• **DATA SEGMENT**
- - -
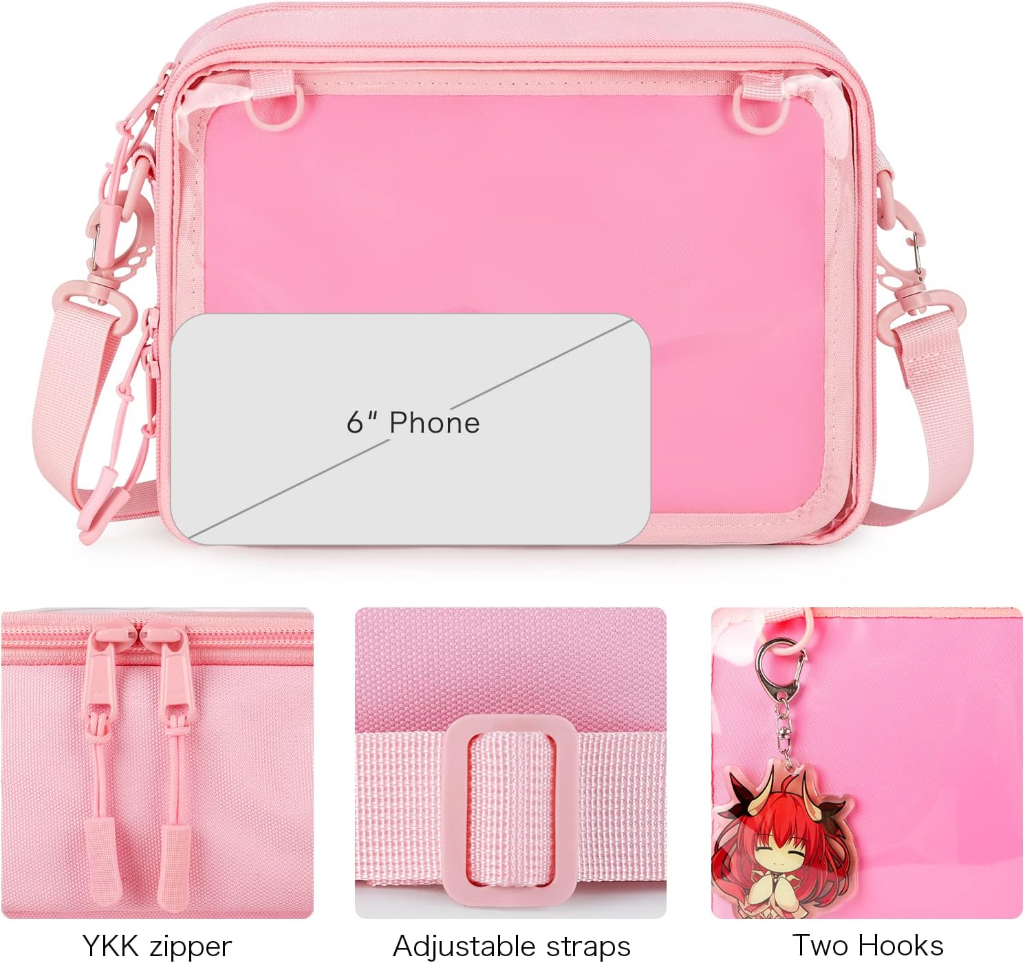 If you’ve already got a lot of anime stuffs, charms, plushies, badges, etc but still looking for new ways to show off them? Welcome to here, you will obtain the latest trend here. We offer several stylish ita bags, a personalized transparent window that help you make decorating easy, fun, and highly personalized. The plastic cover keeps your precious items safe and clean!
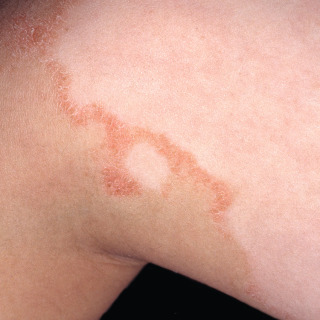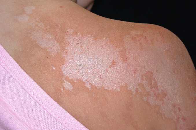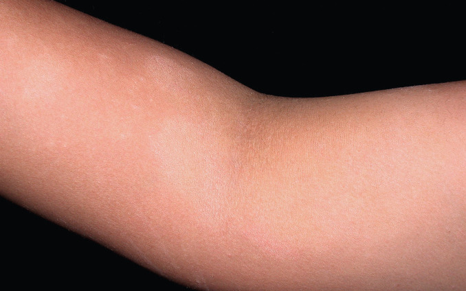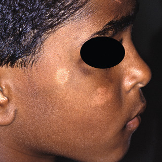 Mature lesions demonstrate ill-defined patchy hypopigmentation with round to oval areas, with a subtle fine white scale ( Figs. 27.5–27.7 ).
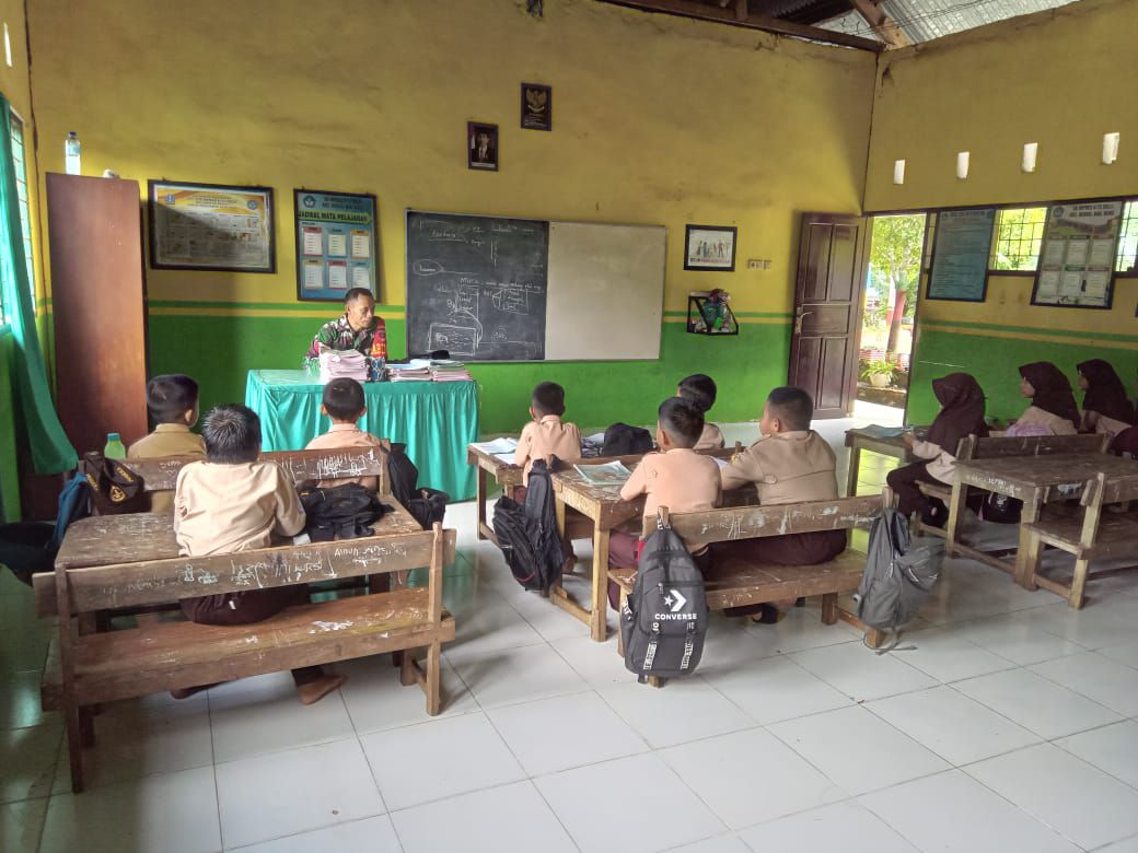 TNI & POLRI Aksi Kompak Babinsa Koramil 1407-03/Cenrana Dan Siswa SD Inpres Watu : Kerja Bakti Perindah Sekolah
- - -
• **WORK TO COMPLETE**
Please copy the data above word for word, but only from the line that contains "Mature lesions demonstrate" through the final line, both included, and without the pictures.

• **EXERCISE SOLUTION**
 Mature lesions demonstrate ill-defined patchy hypopigmentation with round to oval areas, with a subtle fine white scale ( Figs. 27.5–27.7 ).
 TNI & POLRI Aksi Kompak Babinsa Koramil 1407-03/Cenrana Dan Siswa SD Inpres Watu : Kerja Bakti Perindah Sekolah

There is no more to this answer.